Proprio la scorsa settimana, il 22 luglio, si sono celebrati i 200 anni dalla nascita del monaco geniale. Darwin e Mendel sono di fatto vissuti nella stessa epoca. Darwin, nato nel 1905, aveva pubblicato la sua prima opera importante (“Sull’origine delle specie”) nel 1859, Mendel aveva presentato il suo lavoro “Esperimenti con le piante ibride” alla Società di Storia Naturale di Brno nel 1865. Entrambi cercavano di capire quali fossero le leggi della natura che regolano i meccanismi dell’eredità, in un’epoca in cui nulla si sapeva di cromosomi, genomi e DNA. Ma se entrambi condividevano la medesima curiosità, i loro approcci erano stati quanto mai differenti.

La curiosità di Darwin era stimolata dall’idea brillante che le nuove specie si generassero attraverso la selezione imposta dalla natura, in cui gli individui competono per l’accesso alle risorse di un ambiente che continuamente cambia. Il lavoro di Mendel era invece più pratico: capire quali fossero le regole che trasmettevano l’eredità di generazione in generazione. In questo senso, il lavoro di Darwin è più affine alla filosofia, quello di Mendel agli studi di biologia molecolare che ancora portiamo avanti nei laboratori. Darwin sembra appartenere a un’epoca diversa, Mendel è del tutto moderno.

Lo studio che Mendel presentò nel 1865 riguardava le conclusioni che aveva tratto dalle ricerche compiute nel giardino del monastero di Brno tra il 1850 e il 1960 incrociando piselli con diverse caratteristiche. A partire da 22 piante del comune pisello e usando la pollinazione manuale, Mendel aveva incrociato le piante per generazioni successive, fino a generate oltre 10mila piante in 8 anni consecutivi.

Ad ogni generazione, classificava le piante a seconda delle loro caratteristiche, quali il colore, la forma dei semi e la posizione dei fiori. Studiando questi dati con una passione quasi ossessiva per i numeri, Mendel aveva scoperto che alcune delle caratteristiche (ad esempio, la forma e il colore) sono trasmesse direttamente da una generazione all’altra, mentre altre possono saltare una generazione.

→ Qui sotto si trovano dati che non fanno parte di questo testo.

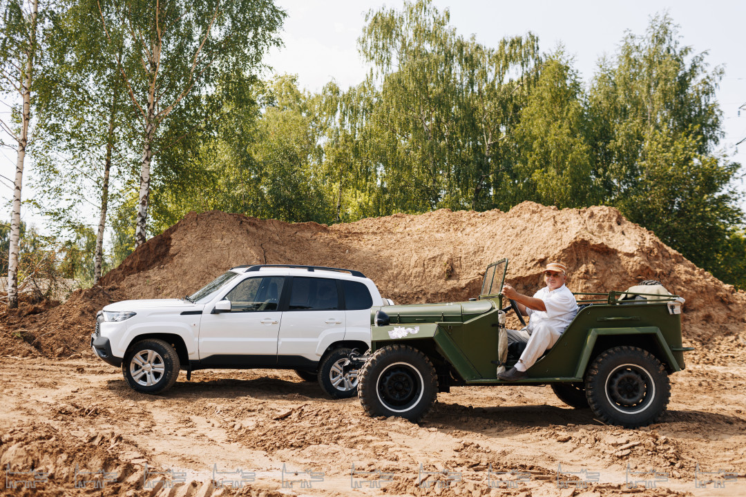 Легенды должны удивлять, поэтому на нашу встречу Александр Исаченко приехал не на каком-то современном автомобиле, а на военной машине 1943 года выпуска, который отреставрировал своими руками. В долгу не остались и друзья из Кострома-Лада-Сервис, продемонстрировав гостю мощь и силу обновленной LADA Niva Travel.
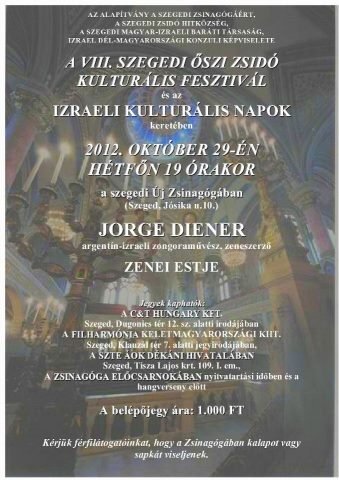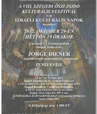 A VIII. Szegedi Őszi Zsidó Kulturális Fesztivál keretén belül 2012. október 29-én hétfőn este 7 órától Jorge Diener argentin-izraeli zongoraművész, zeneszerző estje lesz hallható a szegedi Új zsinagógában (Szeged, Jósika u. 10.)

È a lui che dobbiamo i termini “dominante”, per indicare un carattere che determina in ogni caso il fenotipo dell’organismo che lo porta e “recessivo”, per definire invece una caratteristica che si palesa soltanto in assenza di un carattere dominante. Sono questi i termini che usiamo nei laboratori di genetica ancora oggi per definire l’ereditarietà delle oltre 7mila malattie dovute alla mutazione di un singolo gene, che chiamiamo appunto “malattie con eredità mendeliana”.

Ad esempio, la fibrosi cistica è una malattia recessiva, perché entrambe le copie del gene responsabile devono essere mutate affinché la malattia si manifesti in un bambino, mentre i suoi genitori che portano una copia normale del gene insieme a quella mutata sono sani; l’ipercolesterolemia familiare, invece, è una malattia dominante, perché basta che una sola delle due copie sia mutata per aumentare in maniera patologica il livello del colesterolo nel sangue.

Come spesso accade, l’opera di Mendel non fu completamente apprezzata dai contemporanei ed era forse troppo radicale per essere capita del tutto a quei tempi. Sfortunatamente, alla sua morte le sue note vennero bruciate, privandoci dei dettagli delle sue ricerche. Ancora peggio, i suoi studi furono riscoperti in maniera scorretta e irresponsabile un decennio dopo la sua scomparsa e furono usati per sostenere i concetti di eugenica e superiorità razziale, secondo cui gli esseri umani possono essere migliorati con un processo di incrocio selettivo. Ma la scoperta dei cromosomi prima e del DNA un secolo più tardi alla fine hanno ridato a Mendel il posto che merita nell’Olimpo della scienza.

Quando qualche anno fa ho avuto la ventura di visitare il monastero di Mendel a Brno, ero rimasto colpito al vedere che, nell’orto, crescevano ancora piante di pisello, con i loro bacelli bene in vista. Ne avevo portato qualcuno a Trieste e ne avevo piantato i semi. Era stato emozionante vedere germogliare quei diretti discendenti delle piante su cui Mendel aveva compiuto i suoi studi.